Input: "Hello, my name is John"
Output: 5

A:

public class Solution {
    public int countSegments(String s) {
        // if s contains only emptySpace
        s = s.trim();
        if(s.length()==0)
            return 0;
        int res =0, pre =-1;
        while(true){
            int i = s.indexOf(' ',pre+1);
            if(i<0)
                break;
            if(i==pre+1){// adjacent space
                pre++;
            }else{
                res++;
                pre = i;
            }
        }
        return res+1;
    }
}

Errors：

要记得先trim()

Move Zeroes

Q;

Given an array nums, write a function to move all 0's to the end of it while maintaining the relative order of the non-zero elements.

For example, given nums = [0, 1, 0, 3, 12], after calling your function, nums should be [1, 3, 12, 0, 0].

Note:

1. You must do this in-place without making a copy of the array.
2. Minimize the total number of operations.

A:
********记录最新的非0 的位置 **********  先走一遍，再在后半部分置零************

public class Solution {
    public void moveZeroes(int[] nums) {
        int nonZero = 0;
        for(int i=0 ;i<nums.length;i++)
            if(nums[i] != 0)
                nums[nonZero++] = nums[i];
        
        for(;nonZero<nums.length;nonZero++)
            nums[nonZero] = 0;        
    }
} 

******** 只走一遍， 记录第一个0 的位置,每次分情况展开************

public class Solution {
    public void moveZeroes(int[] nums) {
        int i0 = -1;
        for(int i =0; i<nums.length; i++){
            if(nums[i] == 0){
                if(i0<0)
                    i0 = i;
            }else{
                if(i0 >=0){
                    nums[i0] = nums[i];
                    nums[i] = 0;
                    i0++;//update i0 to the next position
                    while(i0<=i && nums[i0]!=0)
                        i0++;
                }
            }
        }
    }
}

Note:

405. Convert a Number to Hexadecimal

Q:

Given an integer, write an algorithm to convert it to hexadecimal.
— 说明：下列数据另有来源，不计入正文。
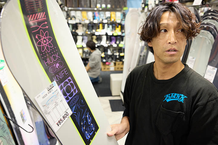 店舗の1階はスノーボードギア、2階はスキーギア、3階はアクセサリー(ゴーグル、グローブ等)、4階はウェア。こちらに来ていただければ、スノーボードの道具が上から下まですべて揃います。特に、コアなブランドが充実していますので、ぜひご来店ください。
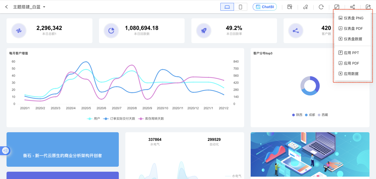 当开启导出数据功能后,应用发布后可以导出 PPT、PNG、PDF、数据等多种格式,包括图表的聚合数据以及明细数据。
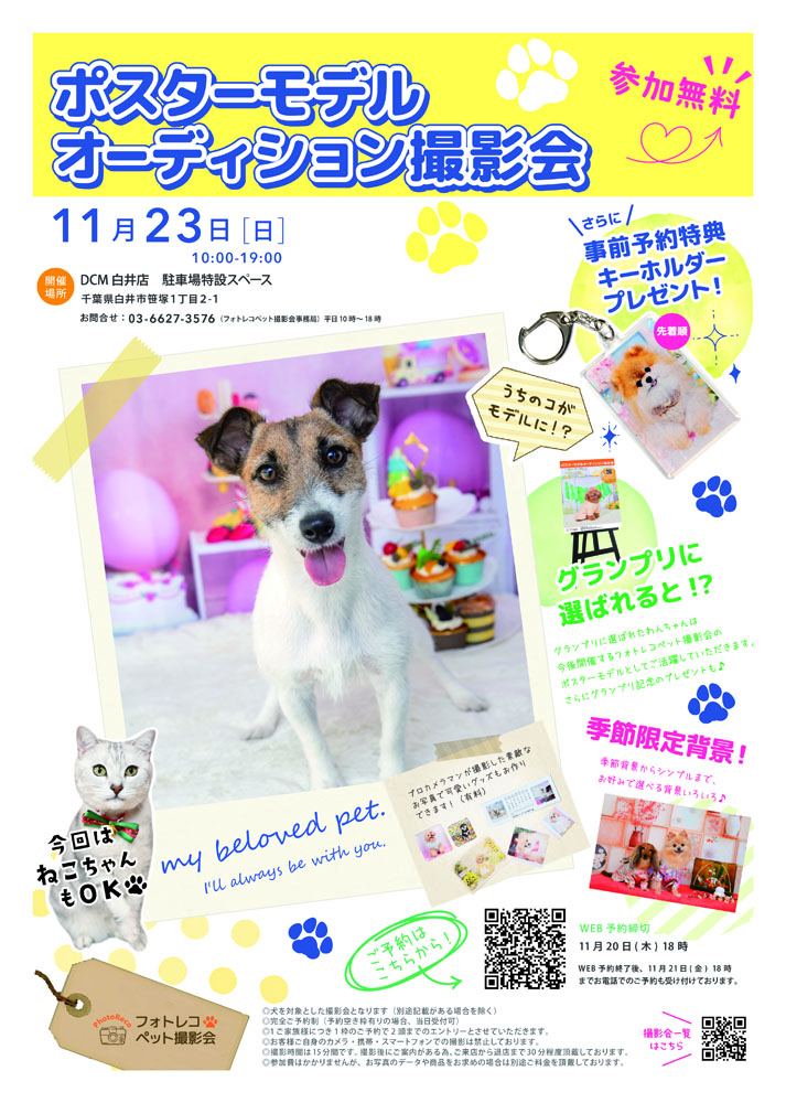 グランプリに選ばれたワンちゃんはDCMで開催するフォトレコペット撮影会のポスターモデルとしてご活躍していただきます!
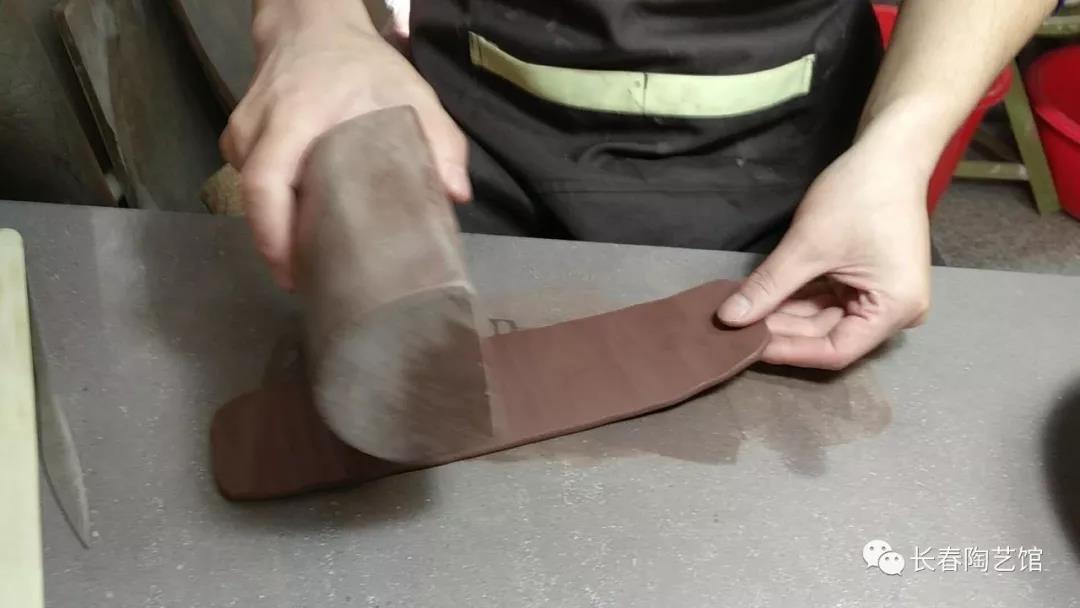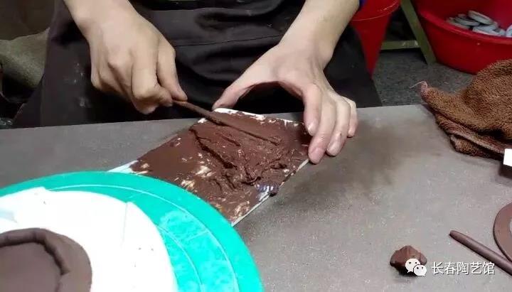 做壶的第一步,是拍泥条,万事开始先磨心,这拍泥条就是,王老师讲要动作轻柔均匀,拍出厚薄均匀又圆正的泥片
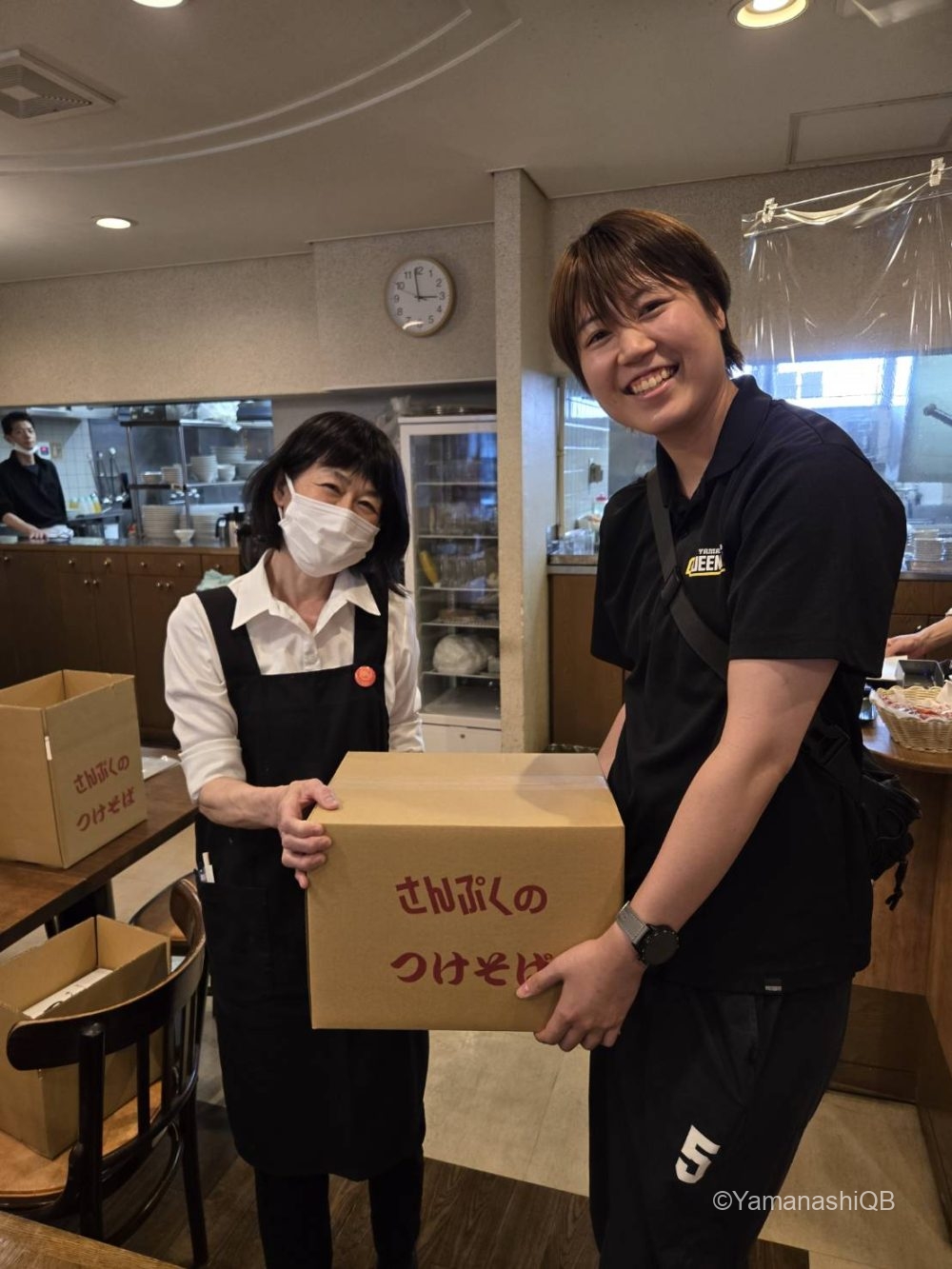中華レストラン さんぷく様よりつけそばをご提供いただき、富田 愛理選手が代表して商品を受け取りました!

For negative integer, two’s complement method is used.

Note:

1. All letters in hexadecimal (a-f) must be in lowercase.
2. The hexadecimal string must not contain extra leading 0s. If the number is zero, it is represented by a single zero character '0'; otherwise, the first character in the hexadecimal string will not be the zero character.
3. The given number is guaranteed to fit within the range of a 32-bit signed integer.
4. You must not use any method provided by the library which converts/formats the number to hex directly.

Example 1:

Input:
26

Output:
"1a"

Example 2:

Input:
-1

Output:
"ffffffff"

A:

就是递归右移 >>>

public class Solution {
    public String toHex(int num) {
        int cur = num & 15;
        num = num>>>4;
        return (   (num==0)?"":toHex(num)   ) + (   (cur<=9)?(char)(cur+'0'):(char)(cur-10 + 'a')   );
    }
} 

Errors：

由于3目运算符的优先级比较低，因此要尽量把它们括号起来用。